How did you start your career as a painter?
During World War II, when I was about 10 years old, I made a copy of Mickey Mouse on plywood, about four inches high in size, cut that out and painted it with my father's discarded pastel sticks which I pulverized and mixed with water. I thought it would be permanent and mounted it on a small, flat wooden stand. My sister-in-law was so delighted with it she paid me 40 centavos Japanese time money. My first art sale.
But of course one really starts any career by formally learning the craft and I started with weekly private tutoring under UP Prof. Dominador Castañeda in 1947. I was 14 years old and a first year high school student then. I then completed four years including summers of fine arts course at the Notre Dame University in Indiana, USA (1950-1954), after which I took an extra year of drawing at the Arts Students League of New York under the Dada German painter, George Grosz (1955-1956).
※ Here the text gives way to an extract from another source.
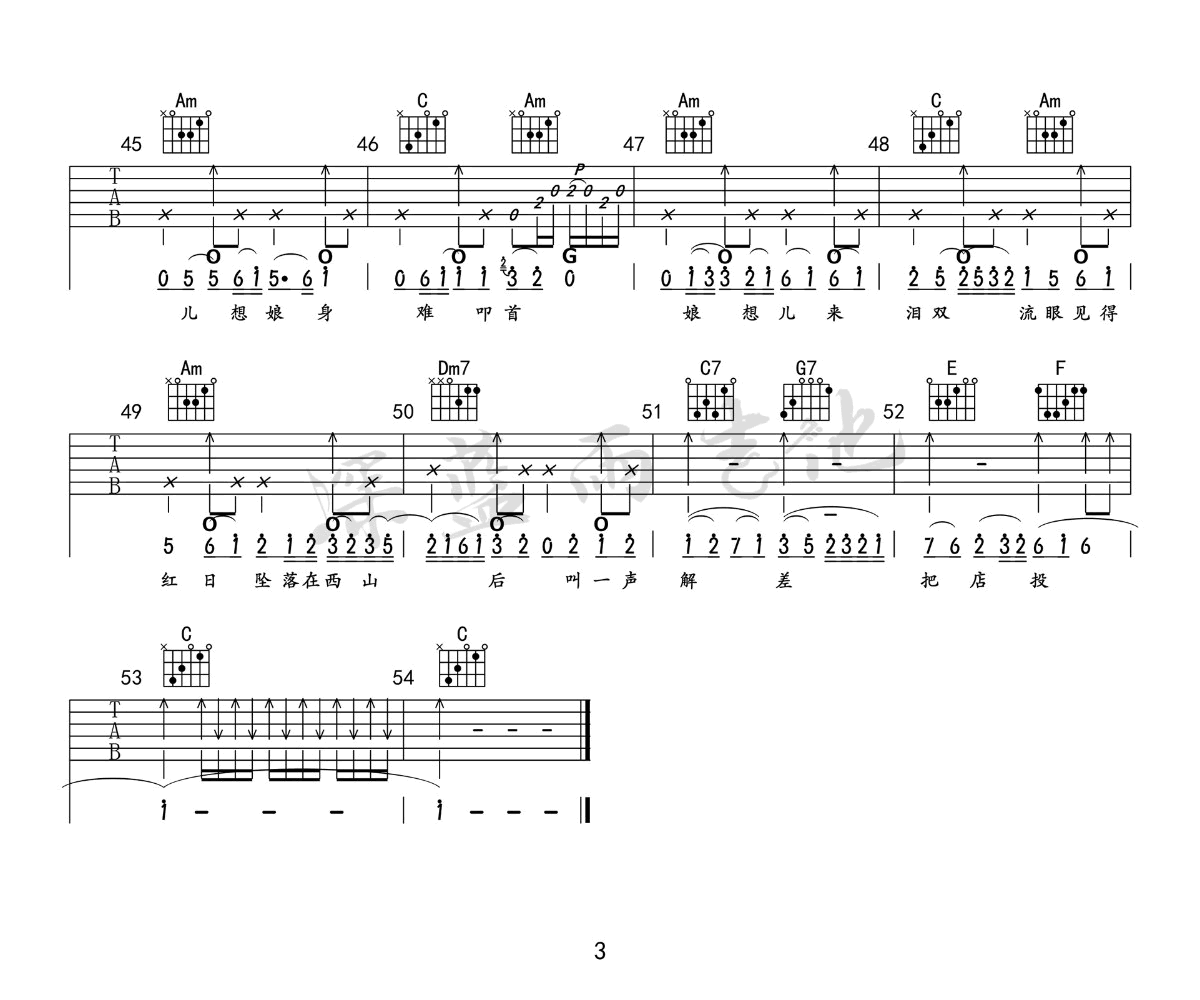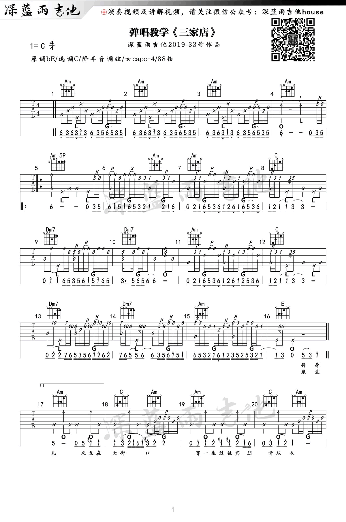 曲谱介绍: 陈粒戏班乐队《三家店》吉他弹唱谱,采用C调指法编配,深蓝雨吉他编配出品,共有3张高清图谱。

I therefore started my career by going through eight long years of formal academic training.
Can you still recall the first image that you painted?
I must have always been drawing as child because my father got Castañeda as my private tutor without my mentioning to him anything about studying art. Since none of my elder eight brothers had ever been provided with an art tutor, he must have observed my unusual interest in art.
My first oil painting under Castañeda was a still life, probably 1947-8. My first oil self-portrait still under Castañeda is dated 1950.
First oil painting under Dominador Castañeda (1948)
Why did your father handpick Castañeda to tutor you?
My father's first choice was Fernando Amorsolo but he had retired from UP to concentrate on painting. Amorsolo recommended Castañeda who had replaced him as head of the fine arts at UP. Castañeda had studied in Mexico in the days of Siqueros and Orozco.
What did you learn from your study under him?
Castañeda was an excellent teacher, gentle, patient and informed about technique. I learned one-on-one from him, drawing, proportion, chiaroscuro, perspective, anatomy and the characteristics of colors and the use of pastel, watercolor and oil. He was practical rather than theoretical and he built into me the need to personally care for one's painting gear and equipment and how to wash brushes after using.
He also showed me a book, Constructive Anatomy by George Bridgman a copy of which he had drawn and copied page by page. He was a dedicated artist and teacher. We enjoyed a healthy rapport. When I returned from my studies in the US, he asked me to write the introduction for his book, Art in the Philippines (1964).
Painting under Castañeda, portrait of his sister-in-law, Lita, the wife of his brother Joaquin, Congressman for Manila
Did you have to go to his house in La Huerta, Parañaque or did you hold your weekly lesson in your house or at the UP SFA?
Castañeda would come to our house in Pasay. On occasion he brought his little son Porfirio along. Porfirio remains a friend.
Why did your father choose you to study art among your eight other siblings?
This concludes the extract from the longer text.